- [Dataset entries]:
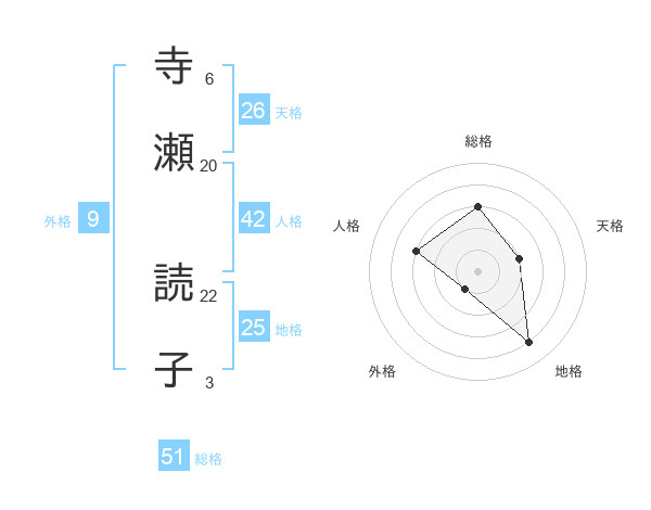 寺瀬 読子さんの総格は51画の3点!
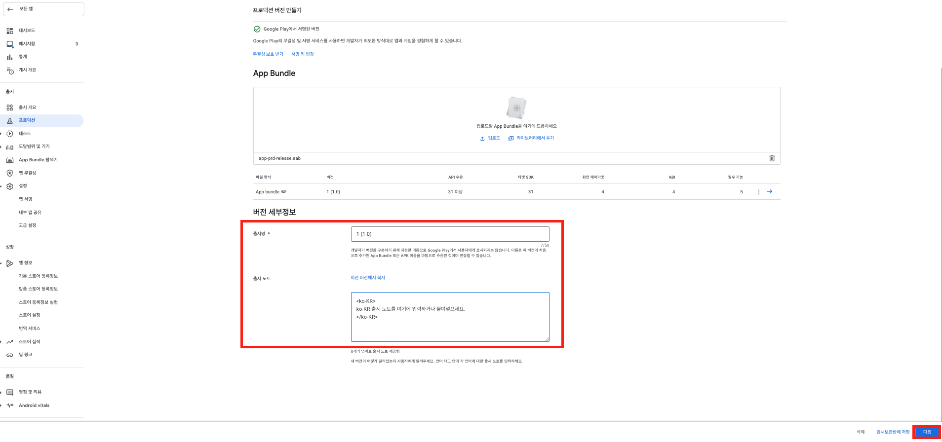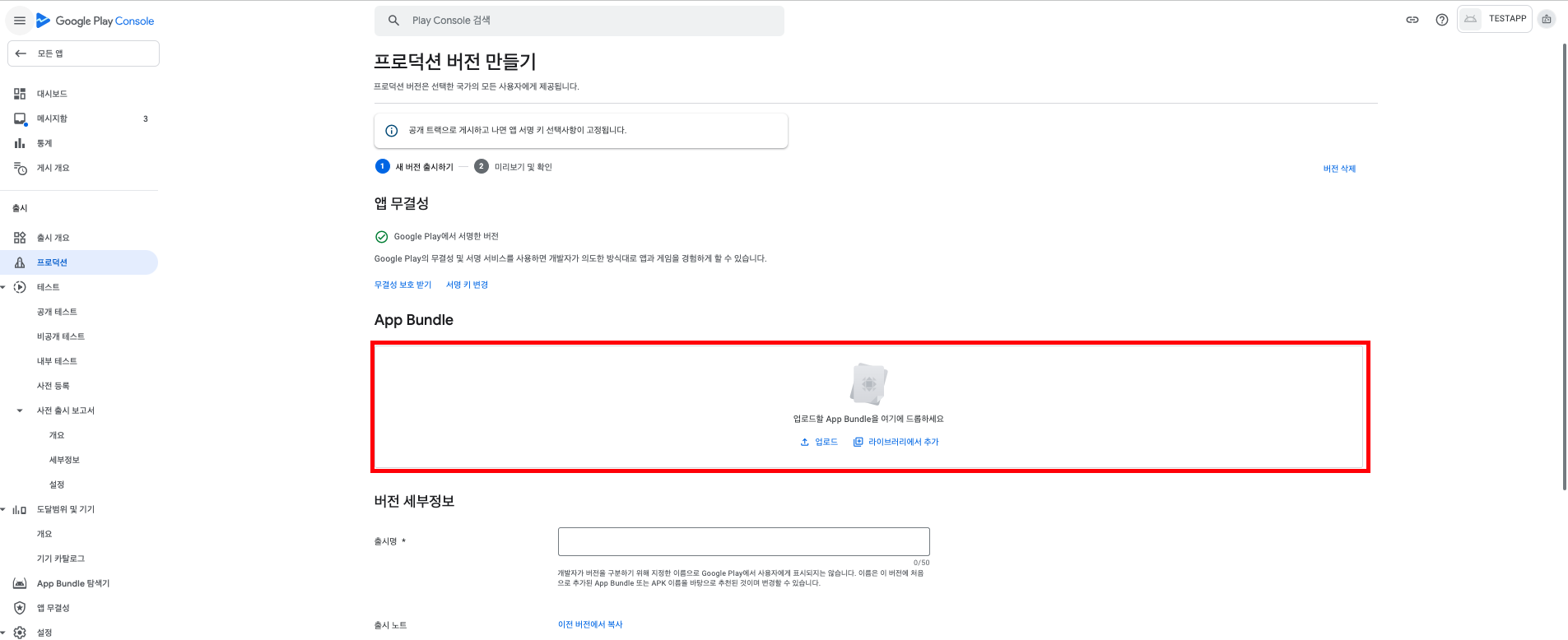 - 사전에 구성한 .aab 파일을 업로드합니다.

* * *

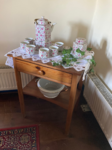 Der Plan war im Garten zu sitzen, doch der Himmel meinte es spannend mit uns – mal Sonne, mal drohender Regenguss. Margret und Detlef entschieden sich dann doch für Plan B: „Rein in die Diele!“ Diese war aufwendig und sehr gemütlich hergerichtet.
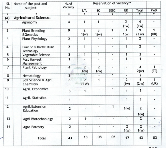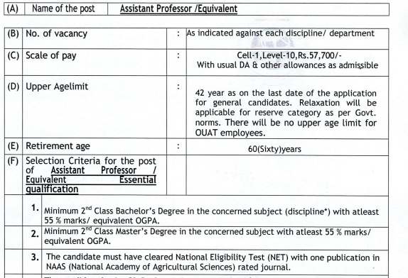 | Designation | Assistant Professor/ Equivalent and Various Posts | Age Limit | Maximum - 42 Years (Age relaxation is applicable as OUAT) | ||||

==

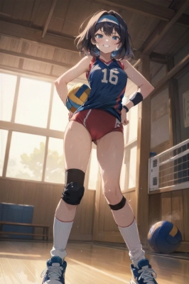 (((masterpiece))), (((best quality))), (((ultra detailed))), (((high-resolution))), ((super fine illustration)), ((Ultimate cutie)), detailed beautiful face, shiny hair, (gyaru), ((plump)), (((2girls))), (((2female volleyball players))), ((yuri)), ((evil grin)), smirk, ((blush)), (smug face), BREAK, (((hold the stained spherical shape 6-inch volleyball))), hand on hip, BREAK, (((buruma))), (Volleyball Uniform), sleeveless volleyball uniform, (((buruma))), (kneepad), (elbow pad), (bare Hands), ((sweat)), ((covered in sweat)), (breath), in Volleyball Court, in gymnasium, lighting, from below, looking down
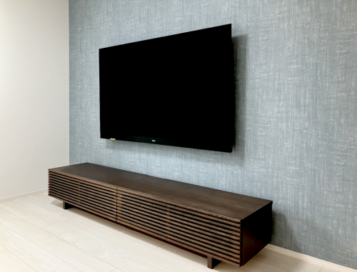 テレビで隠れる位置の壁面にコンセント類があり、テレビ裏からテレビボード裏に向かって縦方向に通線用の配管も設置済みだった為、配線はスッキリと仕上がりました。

- [Work instruction]:
Using the material above, reproduce only the lines that run from the line with "Der Plan war" up to and including the line with "as OUAT) | ||||", exactly, with the pictures dropped.

- [Answer section]:
 Der Plan war im Garten zu sitzen, doch der Himmel meinte es spannend mit uns – mal Sonne, mal drohender Regenguss. Margret und Detlef entschieden sich dann doch für Plan B: „Rein in die Diele!“ Diese war aufwendig und sehr gemütlich hergerichtet.
 | Designation | Assistant Professor/ Equivalent and Various Posts | Age Limit | Maximum - 42 Years (Age relaxation is applicable as OUAT) | ||||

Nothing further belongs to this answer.